Saturday, August 10, 2013

Organic Catechesis

This article was originally posted at New Evangelizers; and links to RAnn's Sunday Snippets

 Angel Oak

Fellow blogger Ruth Curcuru (who uses the handle RAnn) commented on a recent catechetical post, observing that the current catechetical model takes "a topic-based approach that uses scripture as a resource, rather than a scripture study approach."  Her remark clarified something about my own catechetical worldview that has always been rather vague to me.

I understand my task as a catechist is to teach Catholicism evangelically. If you count time in Adult Ed & RCIA, I've been at it since 1998. Even in that first year of Adult Ed, I was using the Bible in the classroom; but it took 11 years, 8 of them teaching 6th-graders, until I truly noticed how comprehensively the Bible had revised how I thought about catechesis.

I started blogging in October of 2008. I was 51 years old, and annoyed with half-formed thoughts that never coalesced into anything definitive. Blogging would give this non-writer an easy, non-word-processing format for writing stuff down for my own benefit. October 2008 was also the second month of my 5th year of teaching 6th grade. Soon I was writing about catechism class; I hadn't expected to. On October 26, I posted about using Bible stories to teach textbook content.  I closed with:

"The teacher's manual has both Bible and Catechism references for each chapter which are valuable, but mostly for a 180-day academic year. I'm thinking that there may be a way to teach the required content better over 30 classes by mining selected stories one at a time, and applying those lessons to the subject matter in the book. At this point it's just an idea."
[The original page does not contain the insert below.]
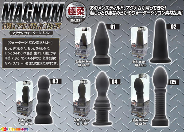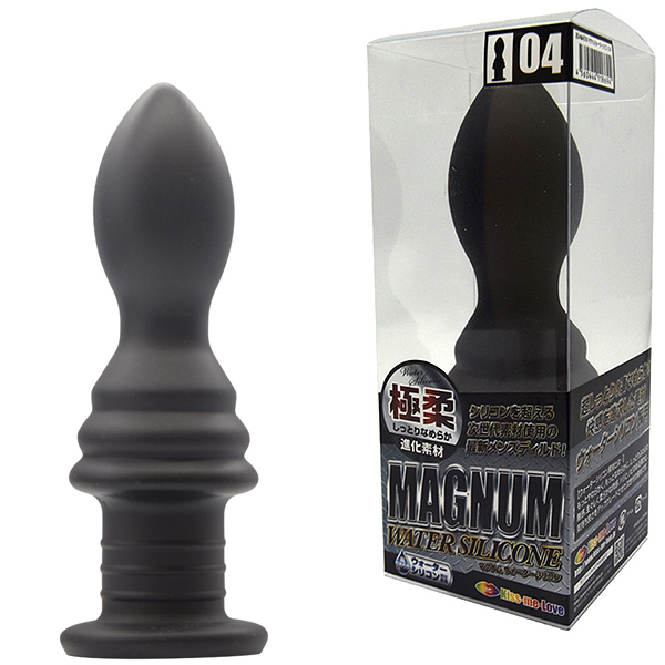 ブラックが冴えわたる本格派ディルドが最新素材になって新登場!極上素材を採用した「マグナム ウォーターシリコン」!黒い欲望を満足させるエキスパートなボディライン。その魅力をそのままに素材をグレードアップしました。シリコンを超える進化素材。超しっとり凄なめらか快感度を追求した進化素材、それがこのウォーターシリコン素材なのです。しっとりきめ細やかな質感に生々しい生体的な肉感弾力、人体や環境にも優しい安心材料。アダルトグッズのステージを高めべく進化したマテリアルです。熟練者向けのマニアな形状に極上の肉々しさをプラスしたゴージャスなディルドです。調教や拡張などのハードコアでエクストリームなプレイにぴったりなシリーズとなりました。「MAGNUM」の名の通りパワーあふれる快感をご体験ください。「04」は、太さ4〜6センチのプラグ型フォルム。二段階の搾りスポットをもつ斬新な挿入感!

Teaching the textbook's topics with the Bible was just great. I had no explicit plan, but the more I used the Bible, the easier it was to teach within the 30-class-max Sunday School format. In May 2009, I posted a list of all the Bible stories I remembered using that year. I was surprised at how many there were, but they were still individual, unintegrated stories coordinated with particular subject matter. During the following 2009-10 year, I started to figure out that using Scripture as an adjunct to the textbook was not the most effective way to be teaching the kids. I was constantly jumping around in the Bible in order to align with the textbook. Maybe it would be better to align the curriculum to the Bible, and thus be able to take advantage of its intrinsic structure and Big Picture of Salvation History. In other words, I needed a new catechetical paradigm. To maximize the teaching potential of Scripture I had to drop the existing textbook curriculum. When the 2010-2011 year began, I had a whole new approved curriculum based on following the path that had been worn over 2000 years ago. It is so easy to teach Catholicism this way. It's as though the Bible had been cleverly designed for this very purpose. As Sherry Weddell would say: It Is Normal.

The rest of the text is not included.